The outcome of the Second World War was never thereafter in serious doubt. But great delays and difficulties lay ahead in mobilizing America’s industrial might for the battlefield, and in determining by what strategy the Axis was to be crushed. To the relief of the British, President Roosevelt and his Chiefs of Staff at once asserted their acceptance of the principle of ‘Germany first’. They acknowledged that her war-making power was by far the most dangerous and that, following her collapse, Japan must soon capitulate. The war in the Pacific became overwhelmingly the concern of the United States navy. The principal weight of the army’s ground forces, which would grow to a strength of eight million men, was to be directed against Germany and Italy. This decision was confirmed at ARCADIA, the first great Anglo-American conference of the war that began in Washington on 31 December 1941. America committed herself to BOLERO, a programme for a vast build-up of her forces in Britain. Churchill, scribbling his own exuberant hopes for the future during the Atlantic passage to that meeting, speculated on a possible landing in Europe by 40 Allied armoured divisions in the following year: ‘We might hope to win the war at the end of 1943 or 1944.’
3

But in the months after ARCADIA, as the first United States troops and their senior officers crossed to Europe, it was the Americans who began to focus decisively upon an early cross-Channel invasion. The debate that now began, and continued
with growing heat through the next 20 months, reflected ‘an American impatience to get on with direct offensive action as well as a belief, held quite generally in the US War Department, that the war could most efficiently be won by husbanding resources for an all-out attack deliberately planned for a future fixed date. American impatience was opposed by a British note of caution: American faith in an offensive of fixed date was in contrast to British willingness to proceed one step at a time, molding a course of action to the turns of military fortune.’
4
Here, in the words of the American official historian, was the root of the growing division between the Combined Chiefs of Staff throughout 1942 and much of 1943.

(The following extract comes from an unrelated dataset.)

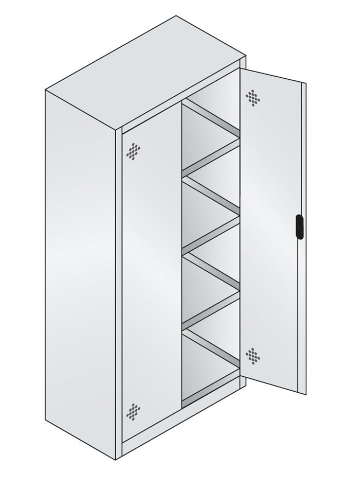 Cabinet for storing chemicals with trays for collecting liquids. The cabinet is equipped with 4 adjustable shelves in the shape of a tray with a robust perforated galvanized grid and one deeper tray at the bottom of the cabinet without a grid. Height 1950 x width 950 x depth 500 mm, shelf load capacity 60 kg, body load capacity 300 kg. In stock in body color gray RAL 7035, door color RAL 1023.

At first, American thinking was dominated by fear of a rapid Russian collapse unless the western Allies created, at the very least, a powerful diversion on the continent. ROUNDUP was a plan for an early invasion, with whatever forces were available, which the British speedily took pains to crush. Under strong American pressure, Churchill agreed in principle to the notion of executing ROUNDUP with 48 Allied divisions not later than April 1943. But the British – above all Sir Alan Brooke – privately continued to believe that ROUNDUP neither could nor should take place. Despite their assent to the operation, in the name of Allied solidarity, they began a successful struggle to divert resources towards much more modest – and in their view, more realistic – objectives. In the summer of 1942, the Americans reluctantly acceded to GYMNAST, an operation for the invasion of French North Africa. This was allegedly to be undertaken without prejudice to ROUNDUP, because of well-founded British fears that America would shift the weight of her effort to the Pacific if it became obvious that many months must elapse before major action took place in Europe. But as the BOLERO build-up in Britain fell behind schedule, the desert campaign dragged on without decisive result, and the tragic Dieppe raid demonstrated some of the hazards of cross-Channel operations, it became apparent in Washington as well as in London that there could be no campaign in France in 1943. GYMNAST was
translated into reality by the TORCH landings of November 1942. It was at Casablanca in January 1943 that the Anglo-American leadership met for their second major conference.

This was to be the last meeting at which, by dint of brilliant military diplomacy, the British gained acceptance of their own ideas about the manner in which the war should be pursued. The Americans reluctantly accepted HUSKY, the invasion of Sicily, with the prospect of further operations in Italy. They also undertook a commitment to an even greater combined bomber offensive against Germany, POINTBLANK, designed to ‘weaken Germany’s war-making capacity to the point to which invasion would become possible’.